The only thing that "fast math" changes is that intermediate results may be held at a somewhat higher precision.

This is broadly untrue, at least for the major three compilers. Perhaps most importantly, fast math options also allow the compiler to reorder and reassociate floating point operations in a way that is compatible with SIMD, but there are other effects too.

A part variation away from IEEE 754 is possible which means that augmenting it with some extra SSE bits, and some different added logic, that within the range, it is in fact possible to get 100% accuracy with the upper and lower range of a float or double value.

No matter how far one deviates from IEEE754, it is fundamentally impossible to "get 100% accuracy".

It is not possible to store one-tenth in a binary floating point number, because one-tenth cannot be written as a finite sum of powers-of-two. All number systems have the same problems for certain values.

Is there someone on these forums who can tell me what'where those switches are, to steer me in the right direction, to prevent floating point overflow and underflow via setting(s) from the outset, kindly?

There is fundamentally no way to prevent overflow or underflow in any finite representation. There will always be a number whose representation is too big or too small in magnitude, to fit in the allotted space.

The only thing that "fast math" changes is that intermediate results may be held at a somewhat higher precision.

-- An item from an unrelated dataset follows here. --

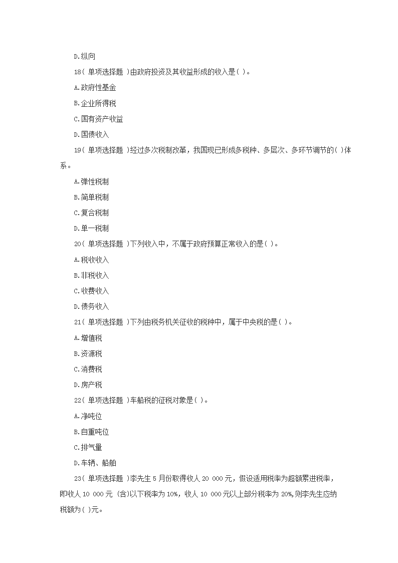 【文档名称】 2011年初级经济师财政税收考试真题(Word版).doc

This is broadly untrue, at least for the major three compilers. Perhaps most importantly, fast math options also allow the compiler to reorder and reassociate floating point operations in a way that is compatible with SIMD, but there are other effects too

I meant the only thing "fast math" changes with respect to how much floating-point "precision" you get.

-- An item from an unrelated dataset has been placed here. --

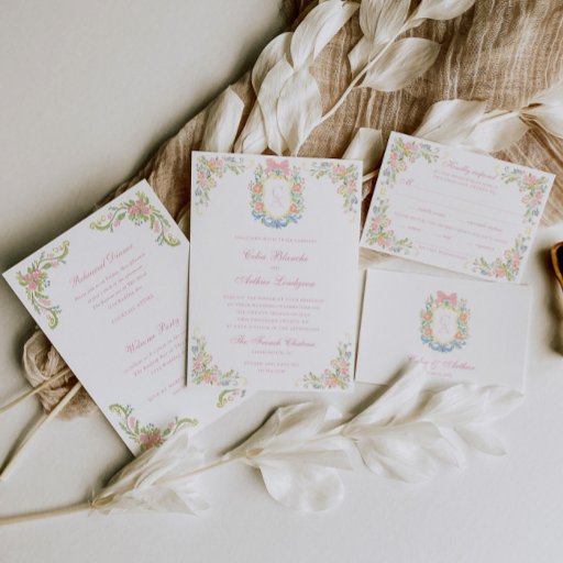 The card adorns a soft pastel, hand-painted floral border design, inspired by the beauty of the Rococo era. The intricate design features a harmonious blend of blue, gold, soft pinks, and greenery.

-ffast-math implies a number of options, yes. And -fexcess-precision=fast is one of them.

-fexcess-precision=fast means that operations may be carried out in a wider precision than the types specified in the source if that would result in faster code, and it is unpredictable when rounding to the types specified in the source code takes place. On the x86, it has no effect if -mfpmath=sse or -mfpmath=sse+387 is specified

(it allows the compiler to keep the full 80 bit precision of the x87 FPU and only truncate the final result to 64 or 32 bits; but that doesn't work if SSE-FP is used, because SSE-FP is limited to 32 or 64 bit anayway)

The default switches are conservative and cause the compiler to generate code that preserves as much precision as possible in intermediate results. Using any switch explicitly will at best not lose any precision. Pretty much all switches lose precision in favor of speed.

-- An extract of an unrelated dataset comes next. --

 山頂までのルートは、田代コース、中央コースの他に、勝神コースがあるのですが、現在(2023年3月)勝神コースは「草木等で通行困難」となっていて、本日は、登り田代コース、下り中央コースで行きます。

If you need to process exact fractional values, you should use either a Rational type that stores the numerator and denominator of a rational number, or a decimal floating point type.

Rational:
Pros:
* Can represent difficult values such as 1/3 and 1/10 exactly.
* Implementation is simple.
Cons:
* Does not lose precision at all through intermediate calculations and it's very difficult to make it lose that precision, so you end up stuck when you have 2147483646/2147483647 and you can't operate on the value anymore without causing an integer overflow.

Decimal floating point:
Pros:
* Can represent common values such as negative powers of 10 exactly. This makes it commonly used for example in monetary applications.
* Does lose insignificant digits during intermediate calculations, so overflows are not a problem.
Cons:
* Implementation is more complex.
* Still cannot represent certain fractions such as 1/3 or 1/7 exactly.